Any child, including secondary school age, needs a good deal of carbohydrate to burn as muscle glycogen. Marathon runners of all ages often indulge in carbohydrate loading for several weeks before a competition. Stores are needed for the tremendous output of energy to run 26 miles. Long-distance cyclists do the same and this has been found to be the most taxing of all sports. Tour de France cyclists reach an almost superhuman level of fitness, indeed the pulse of the American winner Greg Lemond at the end of a stage was the same as mine at rest!

It is clear that young children, equipped by nature with flexible bodies whose normal state should be movement when not sleeping, suffer great enforced idleness. Junk food, fizzy drinks and poor posture, caused by slumping in front of TV or computer screens for hours at a time, must be the source of long-term problems. Obesity in the young is now of epidemic proportions. Unlike some years ago, children are now conveyed to school in cars. They watch several hours of television per night and spend a considerable part of their school holidays with computer games and often vacuous programmes on TV. Are we creating a generation of heart diseased people who may not survive beyond early middle age?

May I end with a heartening story of a "fatty" who made good? One of the lads at "my" boarding school took well the normal insults of his peer group. Children of any age are quite merciless in deriding physical abnormality and the boy was distinctly tubby. Lurking beneath the rotund good nature was, however, an iron will. Having been placed an ignominious last in the enforced inter-house run, he resolved to transform things. He began running every day and took some dietary advice from the school doctor. Two years later he was slim and fit and the captain of the school cross-country team. It can be done.
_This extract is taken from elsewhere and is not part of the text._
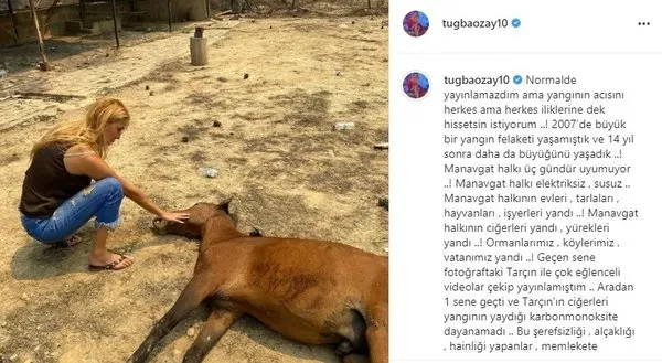 Dün öğle saatlerinde Manavgat'ın Yeniköy mahallesinde başlayan ve büyüyerek 4 farklı noktada gün boyu ilerleyen yangında eski manken Tuğba Özay'ın çiftliği de zarar gördü.

People used to be divided into mesomorphs (slim and fit) and endomorphs (fat). There is some truth in this but one can be well built and active. The All-Black Jonah Lomu is 16st of muscle and power and runs 100m in 11secs South African du Randt weighs in at 20st. and is almost as quick. The England batsman Colin Cowdrey was portly but very mobile and flexible, a miracle of hand-eye co-ordination.

Children of all ages must be encouraged to be active in whatever sport they are naturally attracted to. It is also time that some parents and schools started to care about the long-term effects of poor diet and physical inactivity.